Greater pressure on the Bank of Japan to end its prodigal equity purchases could constrain Japanese equities and country-related exchange traded funds ahead.

Toru Ibayashi, head of Japanese equities at UBS Wealth Management, believes the BOJ will cut its annual buying target for domestic ETFs by as much as a third from the current 6 trillion yen, or $53 billion, Bloomberg reports.

“Four trillion yen,” UBS’s Ibayashi predicted. “And everybody will understand.”

As the economy strengthened since July last year when the central bank doubled its ETF buying spree, more investors are taking in profits in response to Japanese equities hitting their highest in 26 years.

“Fear of deflation was behind the 6 trillion yen target,” Daiwa SB’s Monji told Bloomberg. “We’re no longer in that kind of environment. Risks are now skewed toward the upside, rather than the downside. It’s hard for the central bank to justify its buying spree.”

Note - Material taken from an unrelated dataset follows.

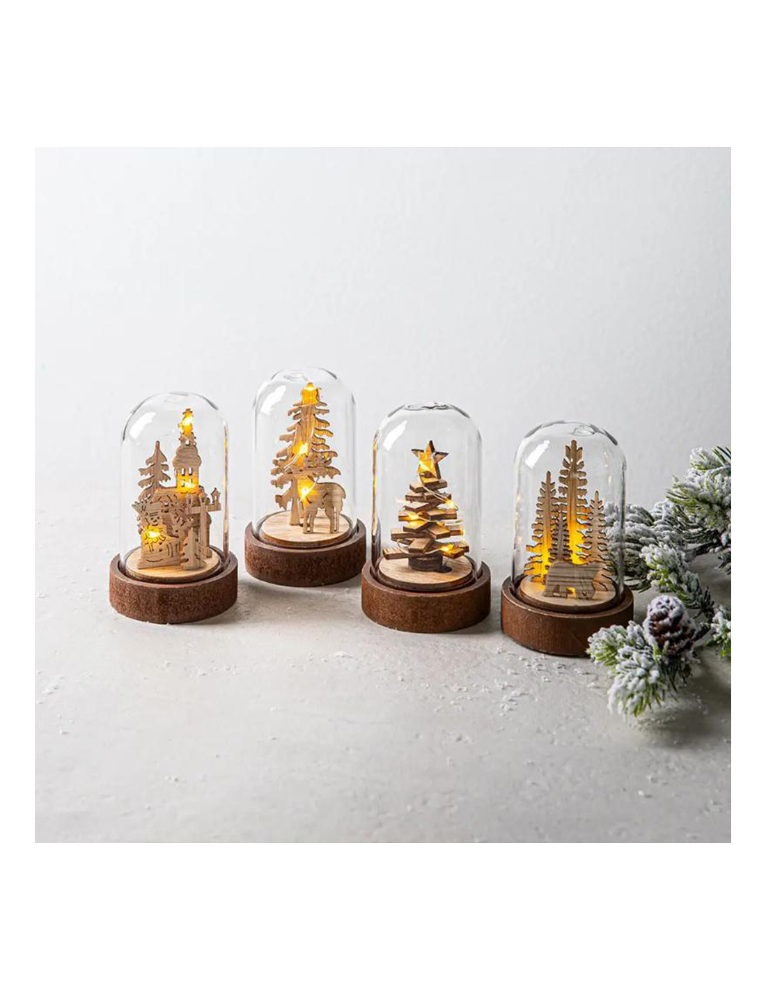 figurine décorative de noël en bois avec lumière led, différents modèles

The BOJ’s ETF buying spree that started in 2010 was part of an unprecedented stimulus package aimed at revitalizing the economy. The central bank has acquired $150 billion in Japanese ETFs as of December 8 and accounted for 74% of the market at the end of October, compared to 65% a year earlier.

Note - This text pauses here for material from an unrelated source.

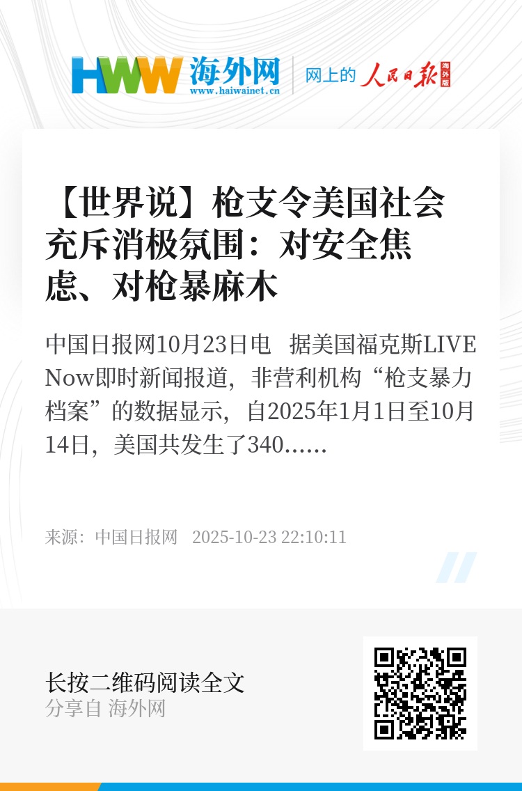 另一种弥漫在美国社会的消极情绪是对涉枪悲剧的麻木,因为枪支暴力已经成为日常新闻。正如一位美国大学生莫莉·阿苏德在谈到保守派活动人士查理·柯克遭枪击身亡时所说的“这就像又一则寻常新闻”,这样的反应折射出当下美国社会“悲剧沦为常态”的现实,并不是人们太冷漠了,而是持续处在枪支暴力之中已经让人们变得麻木。

Ibayashi now argued that the globally economy has entered a positive cycle that does not require central bankers’s constant hand-holding, so central banks like BOJ can begin to rein in its massive stimulus programs. The UBS analysts also pointed out that companies are increasing capital spending, which may replace stimulus measures.

“Given the circumstances at this point in time, it is difficult for the BOJ to keep buying ETFs at six trillion yen per year,” Ibayashi said.

The increased bet on Japanese equities have helped support Japan-related ETFs, such as the iShares MSCI Japan ETF (NYSEArca: EWJ), Deutsche X-trackers Japan JPX-Nikkei 400 Equity ETF (NYSEArca: JPN) and iShares JPX-Nikkei 400 ETF (NYSEArca: JPXN), but the good times won’t last forever.

The BOJ has been buying alternative index-based funds. For instance, the central bank has acquired Japan-listed ETFs that track the JPX-Nikkei 400 Index, which also serves as the underlying benchmark for JPN and JPXN. The JPX-Nikkei 400 Index was launched in January 2014 as a means of reinvigorating the Japanese equity market. The JPX-Nikkei 400 Index employs a rigorous screening process based on return on equity, cumulative operating profit and market capitalization to select high-quality, capital-efficient Japanese companies.